-- GIVEN INFORMATION --

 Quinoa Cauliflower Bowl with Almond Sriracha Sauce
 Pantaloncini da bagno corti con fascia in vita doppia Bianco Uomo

==

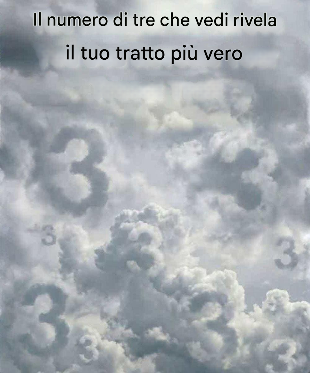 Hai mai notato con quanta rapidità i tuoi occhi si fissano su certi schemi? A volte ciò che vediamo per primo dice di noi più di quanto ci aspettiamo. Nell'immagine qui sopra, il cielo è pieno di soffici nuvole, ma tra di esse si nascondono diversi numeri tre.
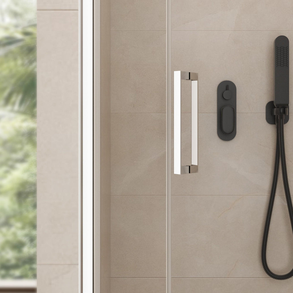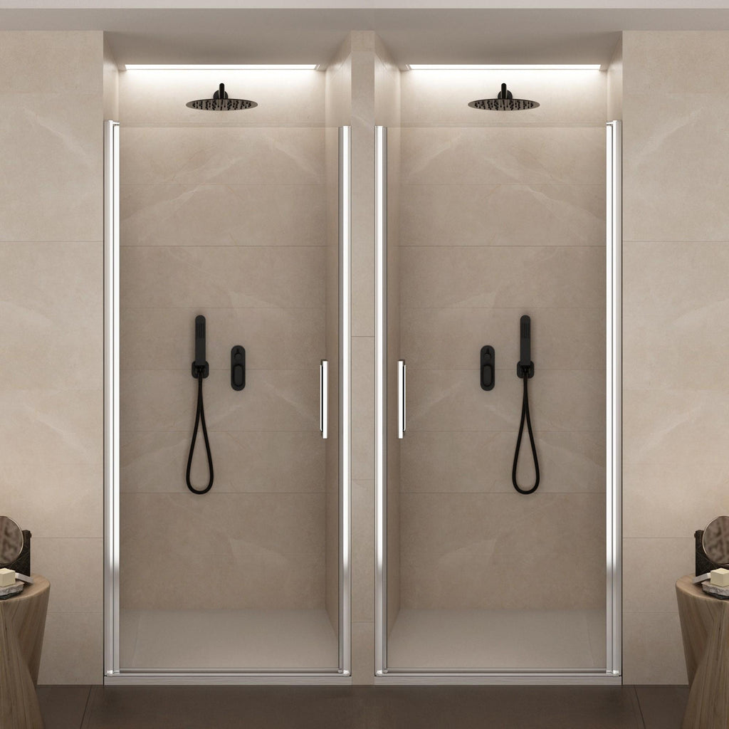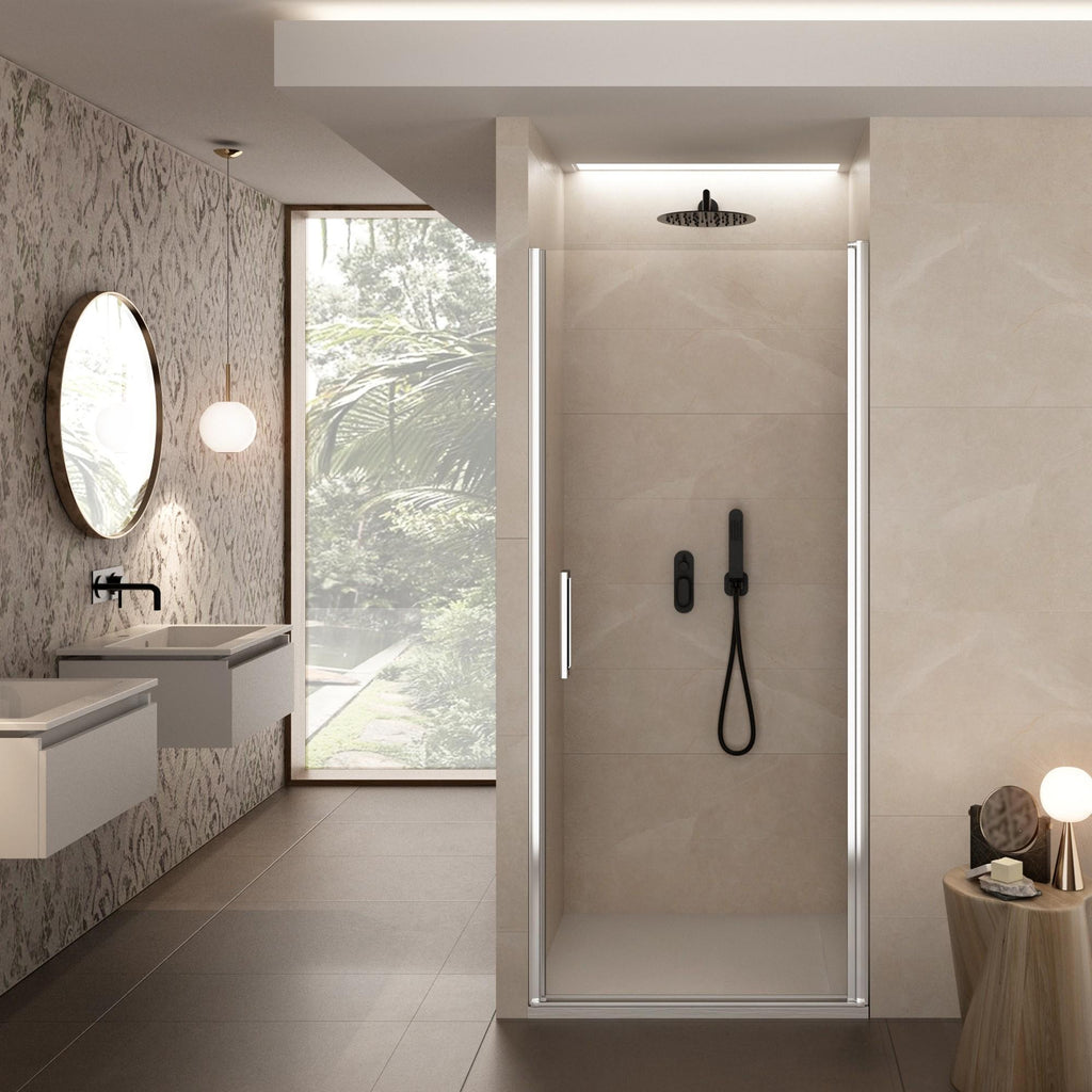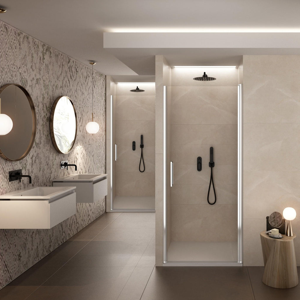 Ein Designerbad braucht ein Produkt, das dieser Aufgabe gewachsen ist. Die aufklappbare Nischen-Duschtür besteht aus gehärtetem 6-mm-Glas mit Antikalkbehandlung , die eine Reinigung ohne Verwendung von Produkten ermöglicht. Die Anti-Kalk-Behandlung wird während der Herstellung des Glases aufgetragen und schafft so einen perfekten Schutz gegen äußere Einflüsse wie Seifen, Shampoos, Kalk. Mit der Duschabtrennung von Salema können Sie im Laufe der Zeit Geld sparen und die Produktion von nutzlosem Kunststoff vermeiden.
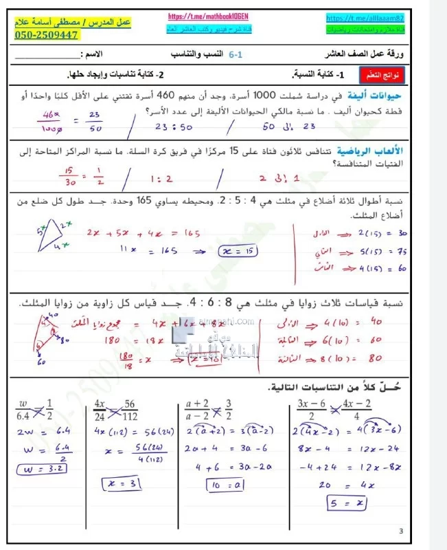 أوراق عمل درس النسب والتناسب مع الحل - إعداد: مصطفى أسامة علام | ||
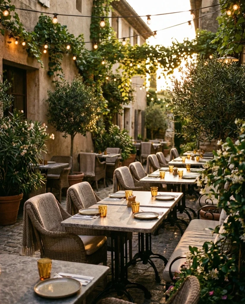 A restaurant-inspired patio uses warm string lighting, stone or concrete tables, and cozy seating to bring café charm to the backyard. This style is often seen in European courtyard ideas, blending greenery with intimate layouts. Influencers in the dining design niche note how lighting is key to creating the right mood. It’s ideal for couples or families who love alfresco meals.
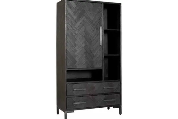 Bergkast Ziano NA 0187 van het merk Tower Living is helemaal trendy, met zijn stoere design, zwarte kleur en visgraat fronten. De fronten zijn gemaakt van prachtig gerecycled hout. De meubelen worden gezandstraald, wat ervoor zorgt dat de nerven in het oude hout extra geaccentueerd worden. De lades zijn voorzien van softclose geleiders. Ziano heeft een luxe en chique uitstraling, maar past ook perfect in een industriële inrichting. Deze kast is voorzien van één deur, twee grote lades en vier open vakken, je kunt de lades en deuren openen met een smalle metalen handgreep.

-- WORK REQUEST --
What do the entries above read from the line containing "أوراق عمل درس" through the line containing "Bergkast Ziano NA"? Output those lines exactly, both ends included, with the pictures left out.

-- TASK RESULT --
 أوراق عمل درس النسب والتناسب مع الحل - إعداد: مصطفى أسامة علام | ||
 A restaurant-inspired patio uses warm string lighting, stone or concrete tables, and cozy seating to bring café charm to the backyard. This style is often seen in European courtyard ideas, blending greenery with intimate layouts. Influencers in the dining design niche note how lighting is key to creating the right mood. It’s ideal for couples or families who love alfresco meals.
 Bergkast Ziano NA 0187 van het merk Tower Living is helemaal trendy, met zijn stoere design, zwarte kleur en visgraat fronten. De fronten zijn gemaakt van prachtig gerecycled hout. De meubelen worden gezandstraald, wat ervoor zorgt dat de nerven in het oude hout extra geaccentueerd worden. De lades zijn voorzien van softclose geleiders. Ziano heeft een luxe en chique uitstraling, maar past ook perfect in een industriële inrichting. Deze kast is voorzien van één deur, twee grote lades en vier open vakken, je kunt de lades en deuren openen met een smalle metalen handgreep.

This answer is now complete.